# Problem requirements
Since the copy must hold text only, transcribe the data below exactly and omit the images.

# Data section
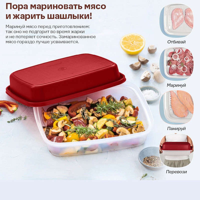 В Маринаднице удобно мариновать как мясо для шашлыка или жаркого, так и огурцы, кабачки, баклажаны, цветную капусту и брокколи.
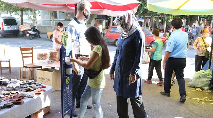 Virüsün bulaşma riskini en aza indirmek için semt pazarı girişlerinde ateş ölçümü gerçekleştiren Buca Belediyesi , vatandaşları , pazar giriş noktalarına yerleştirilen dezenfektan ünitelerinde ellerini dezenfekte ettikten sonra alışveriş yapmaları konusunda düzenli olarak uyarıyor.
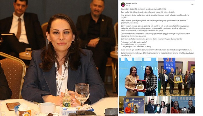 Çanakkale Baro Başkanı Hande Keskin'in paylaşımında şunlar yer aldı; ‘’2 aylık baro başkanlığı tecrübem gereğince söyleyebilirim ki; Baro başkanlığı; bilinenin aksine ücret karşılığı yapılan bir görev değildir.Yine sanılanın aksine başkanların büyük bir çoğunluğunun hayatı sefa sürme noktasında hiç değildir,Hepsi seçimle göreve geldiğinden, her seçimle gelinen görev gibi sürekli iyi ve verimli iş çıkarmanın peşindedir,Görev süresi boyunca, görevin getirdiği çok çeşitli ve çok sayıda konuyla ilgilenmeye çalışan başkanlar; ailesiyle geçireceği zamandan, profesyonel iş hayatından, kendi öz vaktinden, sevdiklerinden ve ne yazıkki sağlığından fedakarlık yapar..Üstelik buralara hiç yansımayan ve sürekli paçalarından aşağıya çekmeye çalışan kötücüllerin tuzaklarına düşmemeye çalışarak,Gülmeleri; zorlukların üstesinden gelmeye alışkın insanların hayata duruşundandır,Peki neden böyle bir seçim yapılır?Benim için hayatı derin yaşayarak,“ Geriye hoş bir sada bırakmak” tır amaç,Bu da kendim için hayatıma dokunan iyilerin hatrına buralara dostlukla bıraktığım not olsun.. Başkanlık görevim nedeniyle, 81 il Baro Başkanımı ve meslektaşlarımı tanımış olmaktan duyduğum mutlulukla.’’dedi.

# Answer space
 В Маринаднице удобно мариновать как мясо для шашлыка или жаркого, так и огурцы, кабачки, баклажаны, цветную капусту и брокколи.
 Virüsün bulaşma riskini en aza indirmek için semt pazarı girişlerinde ateş ölçümü gerçekleştiren Buca Belediyesi , vatandaşları , pazar giriş noktalarına yerleştirilen dezenfektan ünitelerinde ellerini dezenfekte ettikten sonra alışveriş yapmaları konusunda düzenli olarak uyarıyor.
 Çanakkale Baro Başkanı Hande Keskin'in paylaşımında şunlar yer aldı; ‘’2 aylık baro başkanlığı tecrübem gereğince söyleyebilirim ki; Baro başkanlığı; bilinenin aksine ücret karşılığı yapılan bir görev değildir.Yine sanılanın aksine başkanların büyük bir çoğunluğunun hayatı sefa sürme noktasında hiç değildir,Hepsi seçimle göreve geldiğinden, her seçimle gelinen görev gibi sürekli iyi ve verimli iş çıkarmanın peşindedir,Görev süresi boyunca, görevin getirdiği çok çeşitli ve çok sayıda konuyla ilgilenmeye çalışan başkanlar; ailesiyle geçireceği zamandan, profesyonel iş hayatından, kendi öz vaktinden, sevdiklerinden ve ne yazıkki sağlığından fedakarlık yapar..Üstelik buralara hiç yansımayan ve sürekli paçalarından aşağıya çekmeye çalışan kötücüllerin tuzaklarına düşmemeye çalışarak,Gülmeleri; zorlukların üstesinden gelmeye alışkın insanların hayata duruşundandır,Peki neden böyle bir seçim yapılır?Benim için hayatı derin yaşayarak,“ Geriye hoş bir sada bırakmak” tır amaç,Bu da kendim için hayatıma dokunan iyilerin hatrına buralara dostlukla bıraktığım not olsun.. Başkanlık görevim nedeniyle, 81 il Baro Başkanımı ve meslektaşlarımı tanımış olmaktan duyduğum mutlulukla.’’dedi.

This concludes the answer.